=== SOURCE DATA ===
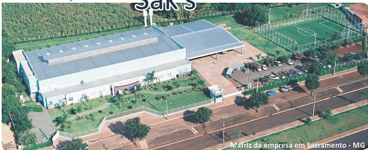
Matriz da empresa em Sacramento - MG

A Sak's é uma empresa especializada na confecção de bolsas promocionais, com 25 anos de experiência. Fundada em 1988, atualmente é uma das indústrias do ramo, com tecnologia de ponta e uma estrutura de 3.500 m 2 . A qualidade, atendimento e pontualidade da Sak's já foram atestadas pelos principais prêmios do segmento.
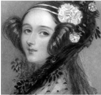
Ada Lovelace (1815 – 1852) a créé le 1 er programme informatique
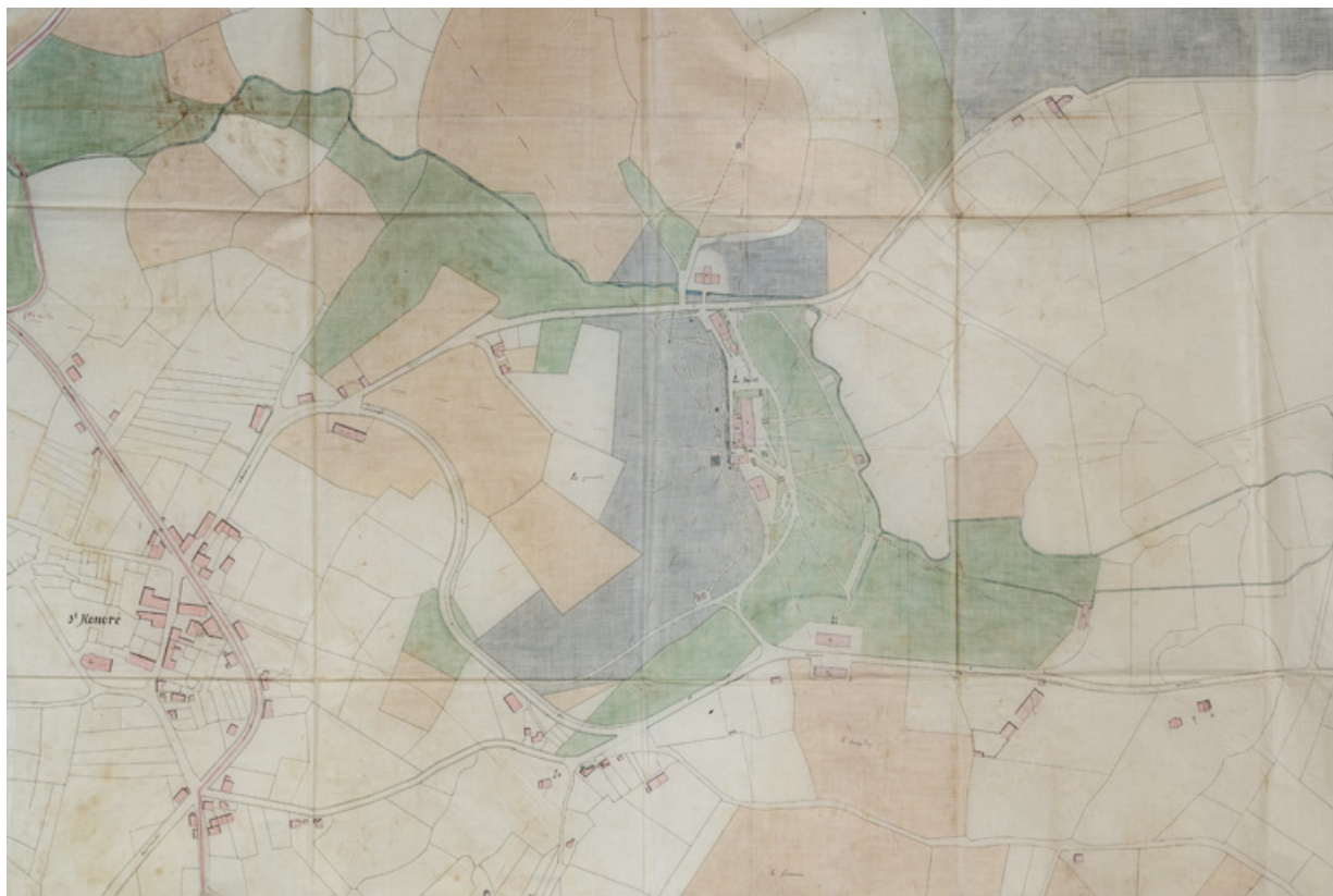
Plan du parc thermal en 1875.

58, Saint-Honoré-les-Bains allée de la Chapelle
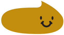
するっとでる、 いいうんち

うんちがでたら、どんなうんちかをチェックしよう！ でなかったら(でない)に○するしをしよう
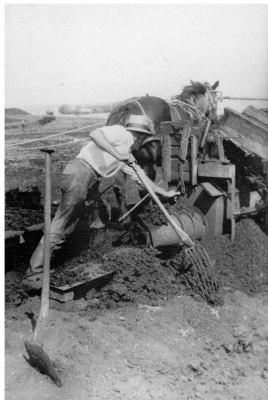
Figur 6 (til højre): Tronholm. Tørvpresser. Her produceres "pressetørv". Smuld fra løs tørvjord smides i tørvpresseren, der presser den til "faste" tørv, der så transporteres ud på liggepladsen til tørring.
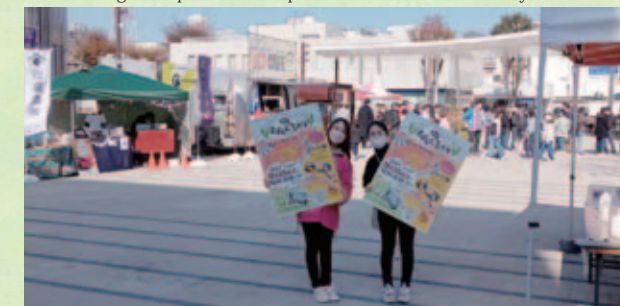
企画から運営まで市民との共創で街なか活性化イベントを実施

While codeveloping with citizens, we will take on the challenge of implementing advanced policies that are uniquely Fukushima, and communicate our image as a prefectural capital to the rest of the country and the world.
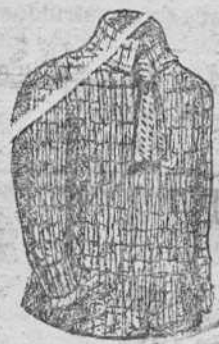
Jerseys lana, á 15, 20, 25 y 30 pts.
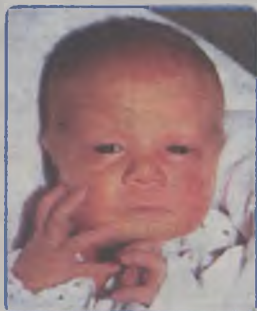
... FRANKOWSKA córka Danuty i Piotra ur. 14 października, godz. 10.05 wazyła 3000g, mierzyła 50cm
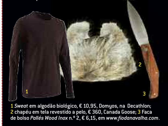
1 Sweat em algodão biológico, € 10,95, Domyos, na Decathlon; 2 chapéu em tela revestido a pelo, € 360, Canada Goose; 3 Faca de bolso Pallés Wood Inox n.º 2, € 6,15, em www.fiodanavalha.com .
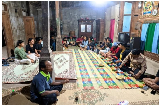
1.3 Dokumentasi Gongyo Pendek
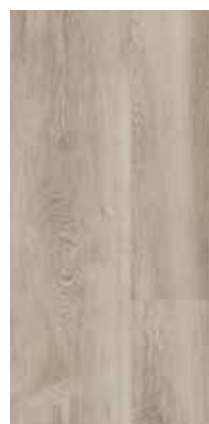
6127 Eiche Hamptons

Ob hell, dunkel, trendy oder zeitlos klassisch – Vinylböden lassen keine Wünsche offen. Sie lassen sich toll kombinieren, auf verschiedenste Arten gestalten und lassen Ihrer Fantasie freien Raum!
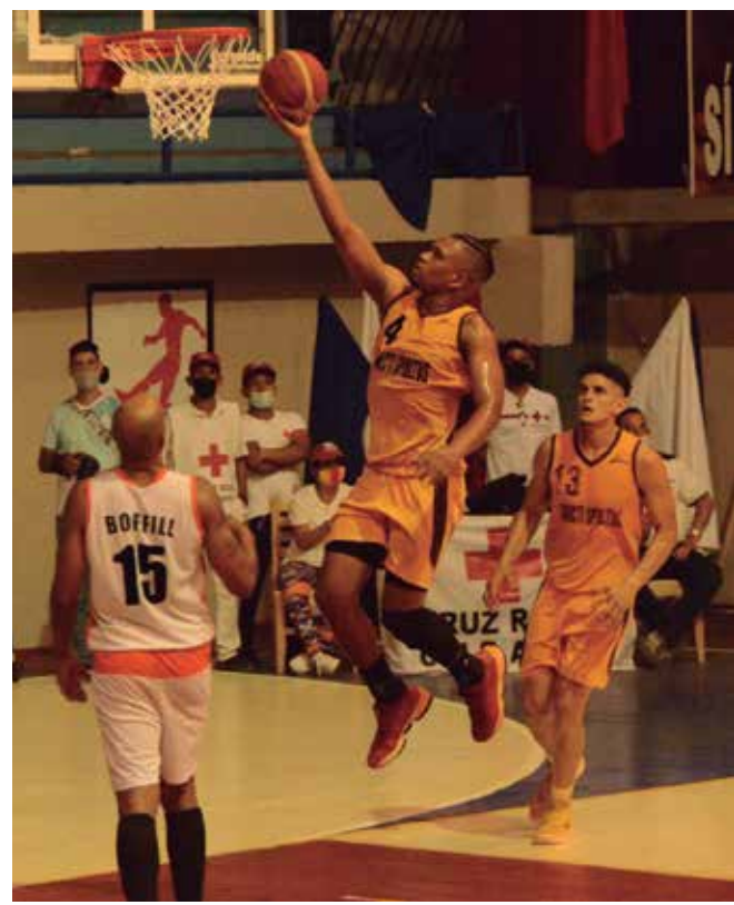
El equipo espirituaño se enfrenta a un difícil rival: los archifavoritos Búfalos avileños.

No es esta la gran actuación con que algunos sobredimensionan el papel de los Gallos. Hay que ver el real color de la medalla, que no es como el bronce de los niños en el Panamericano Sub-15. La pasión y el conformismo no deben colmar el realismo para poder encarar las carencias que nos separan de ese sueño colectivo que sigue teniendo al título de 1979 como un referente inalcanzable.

---

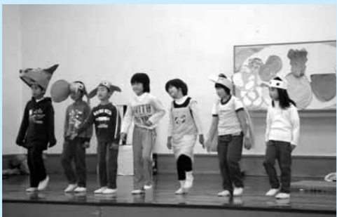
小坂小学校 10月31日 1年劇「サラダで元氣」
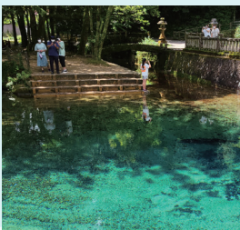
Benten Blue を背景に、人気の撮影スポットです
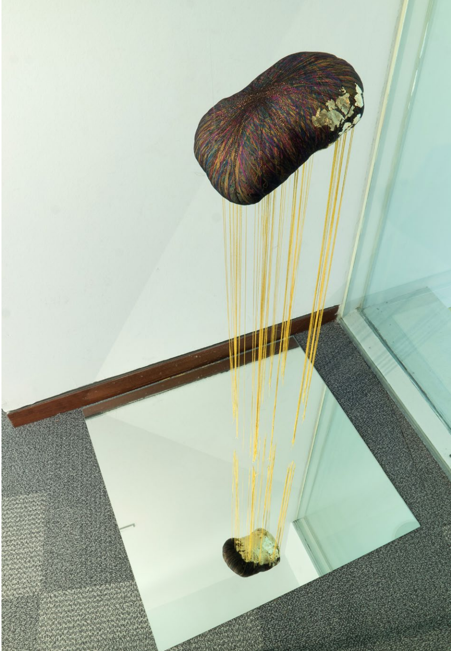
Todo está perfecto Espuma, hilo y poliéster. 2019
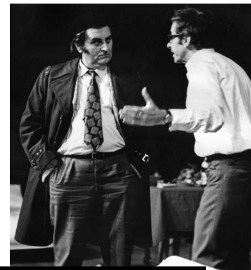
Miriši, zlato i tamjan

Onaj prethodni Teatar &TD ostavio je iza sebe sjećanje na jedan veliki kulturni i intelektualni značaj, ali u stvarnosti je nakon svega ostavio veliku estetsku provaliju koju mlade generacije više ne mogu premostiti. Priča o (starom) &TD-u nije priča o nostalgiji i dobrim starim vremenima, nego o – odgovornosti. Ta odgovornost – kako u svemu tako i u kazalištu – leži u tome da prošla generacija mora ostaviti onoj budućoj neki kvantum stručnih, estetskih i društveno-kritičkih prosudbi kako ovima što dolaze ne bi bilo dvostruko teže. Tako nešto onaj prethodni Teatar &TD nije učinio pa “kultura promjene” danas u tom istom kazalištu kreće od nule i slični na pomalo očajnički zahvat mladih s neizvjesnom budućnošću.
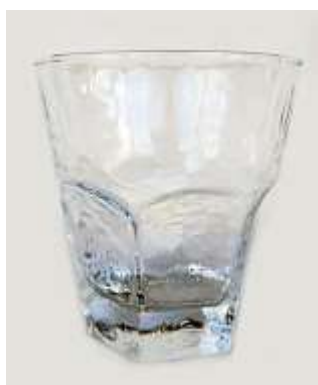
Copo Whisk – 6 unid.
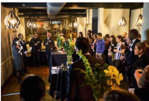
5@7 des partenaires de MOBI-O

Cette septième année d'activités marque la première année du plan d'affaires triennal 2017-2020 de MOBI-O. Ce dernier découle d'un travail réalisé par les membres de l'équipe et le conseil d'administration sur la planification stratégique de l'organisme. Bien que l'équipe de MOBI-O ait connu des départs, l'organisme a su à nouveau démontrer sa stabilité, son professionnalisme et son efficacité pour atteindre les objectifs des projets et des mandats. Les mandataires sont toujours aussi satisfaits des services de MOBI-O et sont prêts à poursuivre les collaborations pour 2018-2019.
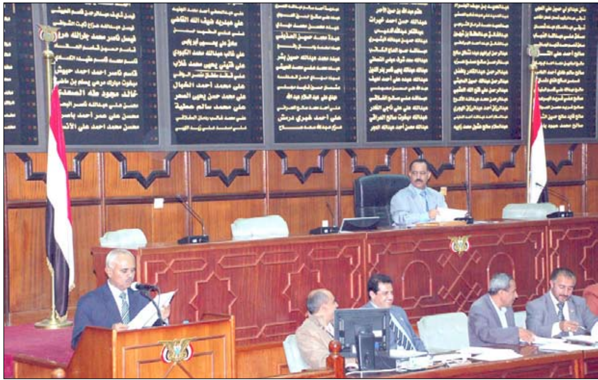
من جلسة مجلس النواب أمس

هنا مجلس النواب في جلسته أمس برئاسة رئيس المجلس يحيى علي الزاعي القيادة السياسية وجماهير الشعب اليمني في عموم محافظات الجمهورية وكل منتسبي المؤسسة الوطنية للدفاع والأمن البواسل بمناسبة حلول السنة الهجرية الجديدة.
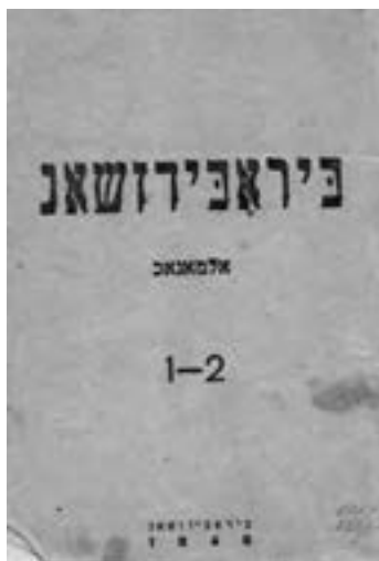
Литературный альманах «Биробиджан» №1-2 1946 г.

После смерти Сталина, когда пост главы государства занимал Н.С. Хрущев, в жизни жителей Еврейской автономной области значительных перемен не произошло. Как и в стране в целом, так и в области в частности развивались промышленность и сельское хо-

...

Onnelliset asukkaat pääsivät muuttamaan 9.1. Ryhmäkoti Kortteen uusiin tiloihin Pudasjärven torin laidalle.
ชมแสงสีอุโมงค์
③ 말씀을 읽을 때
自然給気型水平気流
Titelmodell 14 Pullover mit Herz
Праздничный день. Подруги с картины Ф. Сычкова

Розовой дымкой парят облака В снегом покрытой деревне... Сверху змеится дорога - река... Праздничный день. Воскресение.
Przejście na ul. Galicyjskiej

=== PROBLEM DETAILS ===
Reply with nothing but the number of lines in the entries that include "empresa".

=== ANSWER BOX ===
2